While we’re scrambling to create programs to cover up a system-wide ineptitude, these other entities are outperforming us with a stronger long-term strategy.

Again, in the words of Merrow, “In the U.S. we don’t have one system, or even 50 systems. We believe in these aforementioned magic bullets, whether it’s charter schools, alternative certification, small classes, pay-for-performance or Teach for America. The others have comprehensive systems that have evolved over years. They benchmark carefully and make changes as necessary to remain competitive.”

 The problem with America’s education system is that there’s no quick fix. We’ve been running the wrong race for decades now. To truly rehabilitate our education system, we must take a more comprehensive approach by creating a transparent and cohesive curriculum, and paying teachers a lucrative amount according to their merit.

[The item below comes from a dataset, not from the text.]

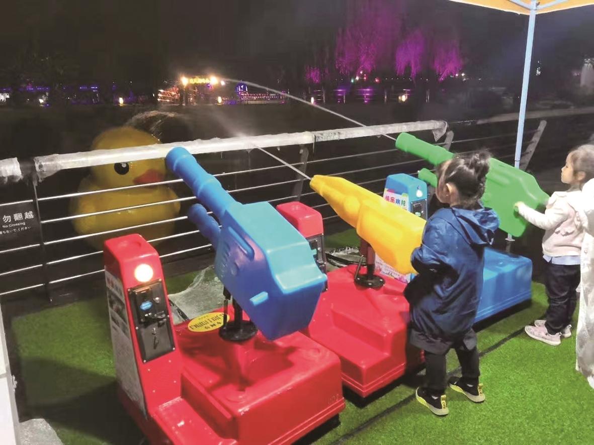 “一次在游乐园排队玩项目时,我看到那种大型的娱乐水枪装置很繁琐且不方便移动,只能在游乐园玩,就想有没有一种方法能够让它更便于移动,变成投币式设备,只要有水的地方,大家都可以去玩。”吴凌智说,“比如那些小城镇或是农村没有游乐园,这个装置就能满足孩子们的娱乐需求。”

With a comprehensive system in place, imagine what would happen if teachers were paid even 10% of what we pay our professional athletes? Our brightest minds would compete to be teachers instead of Silicon Valley CEOs, and our malleable youth could see the profitable potential of long-term education over get-rich-quick schemes.

When we finally get our act together and completely reform our education system, we will all look back and wonder how we ever managed to do it any other way. It will seem so obvious. Hopefully we’ll remember that once upon a time it wasn’t.